* **YOUR GOAL**
Pictures are to be left out; every line from the one that holds "Más de 300 mujeres" to the end of the data is to be retyped exactly.

* **INFORMATION SHOWN**

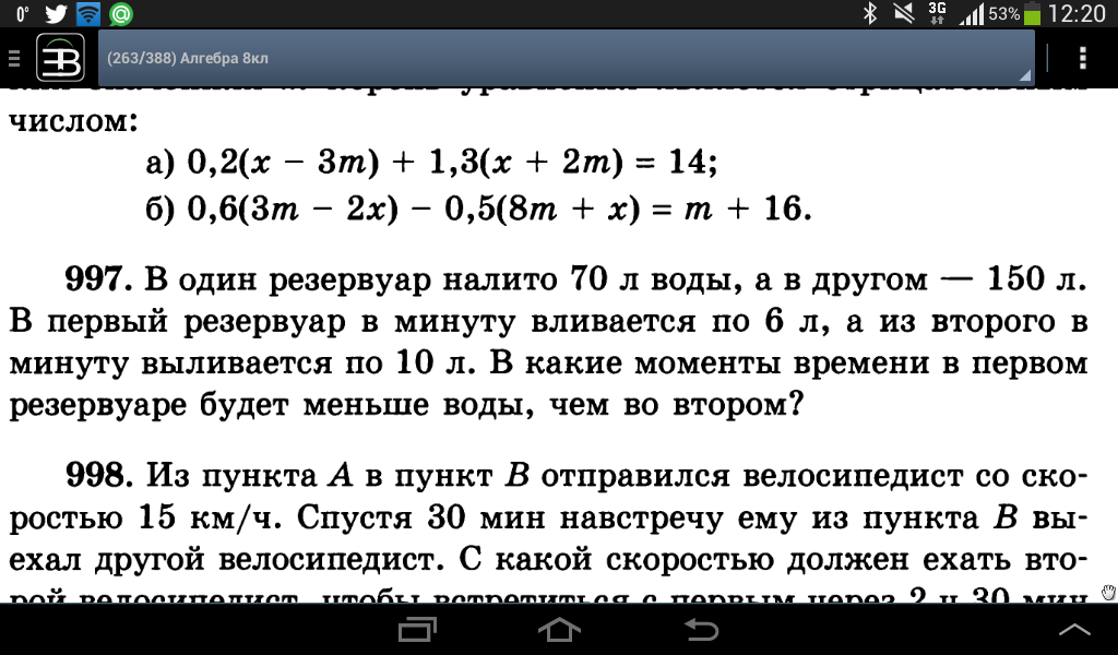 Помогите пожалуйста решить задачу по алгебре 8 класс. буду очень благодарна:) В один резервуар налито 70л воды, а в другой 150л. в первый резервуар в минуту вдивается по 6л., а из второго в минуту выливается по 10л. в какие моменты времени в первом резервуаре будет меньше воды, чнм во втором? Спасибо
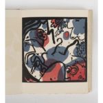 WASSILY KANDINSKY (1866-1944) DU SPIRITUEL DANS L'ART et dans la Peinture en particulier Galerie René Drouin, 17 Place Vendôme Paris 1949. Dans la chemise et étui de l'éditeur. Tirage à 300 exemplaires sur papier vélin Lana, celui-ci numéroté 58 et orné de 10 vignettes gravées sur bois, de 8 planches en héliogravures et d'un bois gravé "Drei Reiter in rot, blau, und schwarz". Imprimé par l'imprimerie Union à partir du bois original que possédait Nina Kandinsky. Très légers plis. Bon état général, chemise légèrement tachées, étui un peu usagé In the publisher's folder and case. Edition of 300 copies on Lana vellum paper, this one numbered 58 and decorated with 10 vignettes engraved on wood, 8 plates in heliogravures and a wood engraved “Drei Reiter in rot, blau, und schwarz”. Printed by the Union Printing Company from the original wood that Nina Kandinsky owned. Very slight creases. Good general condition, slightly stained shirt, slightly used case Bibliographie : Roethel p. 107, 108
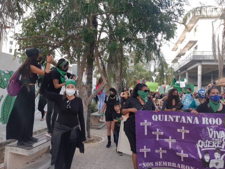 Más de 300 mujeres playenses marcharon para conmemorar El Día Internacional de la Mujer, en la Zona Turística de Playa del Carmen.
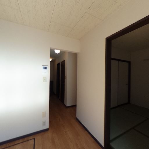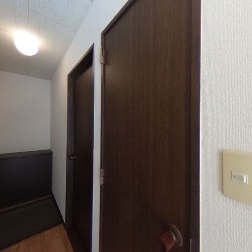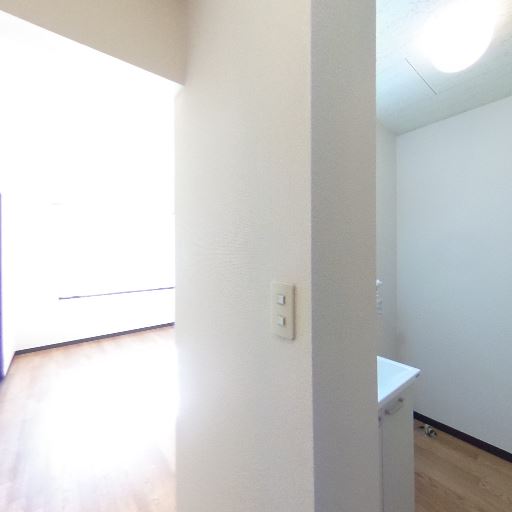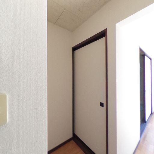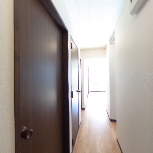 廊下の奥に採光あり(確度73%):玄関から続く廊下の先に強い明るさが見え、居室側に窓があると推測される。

* **TASK SOLUTION**
 Más de 300 mujeres playenses marcharon para conmemorar El Día Internacional de la Mujer, en la Zona Turística de Playa del Carmen.
 廊下の奥に採光あり(確度73%):玄関から続く廊下の先に強い明るさが見え、居室側に窓があると推測される。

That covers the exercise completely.